The Tumour Immune Dysfunction and Exclusion (TIDE) algorithm (http://tide.dfci.harvard.edu/) was used to explore immunotherapy response and immune evasion based on the TCGA-OC cohort.33 Immunophenoscore (IPS) was employed to evaluate the relationship of GMPI with patients' response to anti-PD-1 and anti-CTLA4 therapy.30 IPS scores for TCGA-OC patients were extracted from The Cancer Immunome Atlas (TCIA) database (https://tcia.at/home). Moreover, the immunotherapeutic cohort (IMvigor210 dataset), which included advanced urothelial cancer patients treated with anti-PD-L1 antibody (atezolizumab), was also employed to evaluate immunotherapy efficacy in patients with different GMPI groups.34
2.8 Single-cell RNA sequencing (scRNA-seq) analysis of ovarian cancer
ScRNA-seq dataset from GSE181955 was selected for data reprocessing and cell classification with the “Seurat” R package.35 “SCTransform” was used to normalise data and highly variable genes (HVGs) were further identified with the “FindVariableFeatures” function. Top 3000 HVGs were subsequently subjected to principal component analysis (PCA) for dimension reduction. The cell clusters were visualised using the “uniform manifold approximation and projection (UMAP)” method. Cells were annotated according to the marker genes of different cell types. The Wilcox algorithm was used to analyse DEGs with statistical significance in each manually modified cluster using “FindAllMarkers” function (adjusted p < 0.05). Intercellular communication among various cell types was evaluated by the “CellChat” package.36 Pseudotime trajectory analysis of single cells were conducted with “Monocle 2” package. The “UCell” package was introduced to evaluate expression of seven GMPI-related genes at the single-cell level via “AddModuleScore_UCell” algorithm.

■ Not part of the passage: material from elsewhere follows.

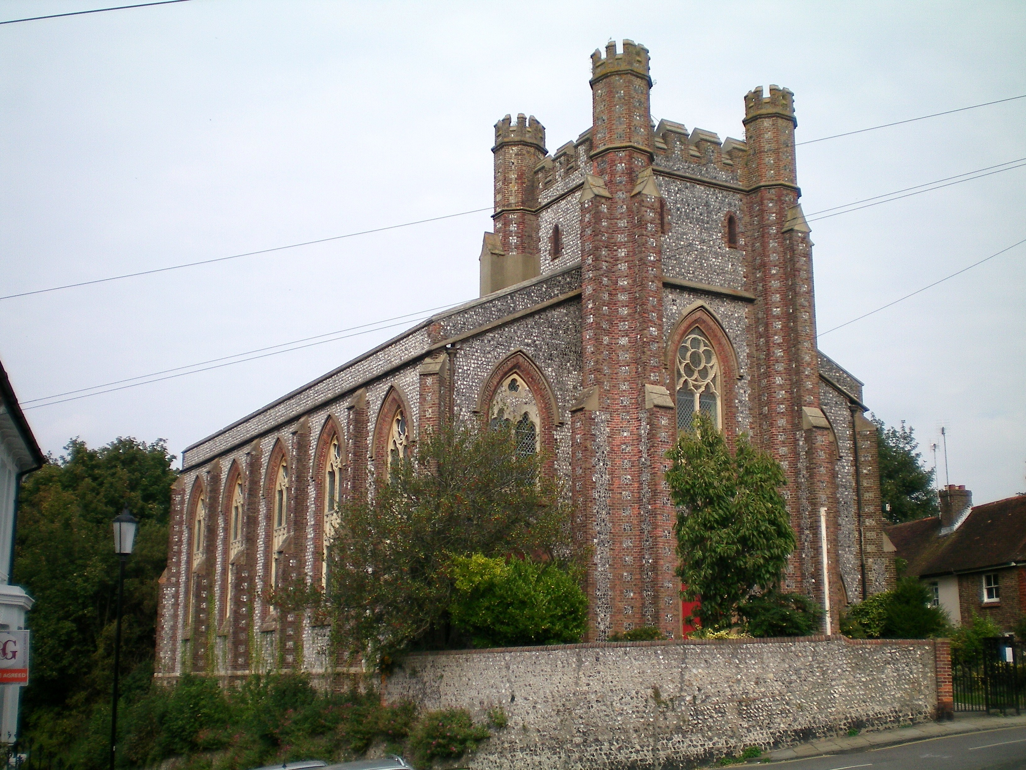 St John-sub-Castro Church, Abinger Place, Lewes, District of Lewes, East Sussex, England.

2.9 Quantitative real-time PCR (qRT-PCR)
Tissue RNA was isolated by using TRIzol reagent (TaKaRa, Japan), and reverse transcription was conducted with a HiScript®III RT SuperMix Kit (Vazyme, China) according to the manufacturer's procedures. PCR amplification was performed using AceQ qPCR SYBR Green Master Mix (Vazyme, China). The ΔCt values of seven genes (KIAA0100, ANKRD27, OPA3, NUMBL, PDP1, SLC7A11 and TRMT112) in each sample were calculated and included in the scoring system: GMPI = ∑ (coef i*Exp i). GAPDH served as the reference gene. The primer sequence information is shown in Table S2.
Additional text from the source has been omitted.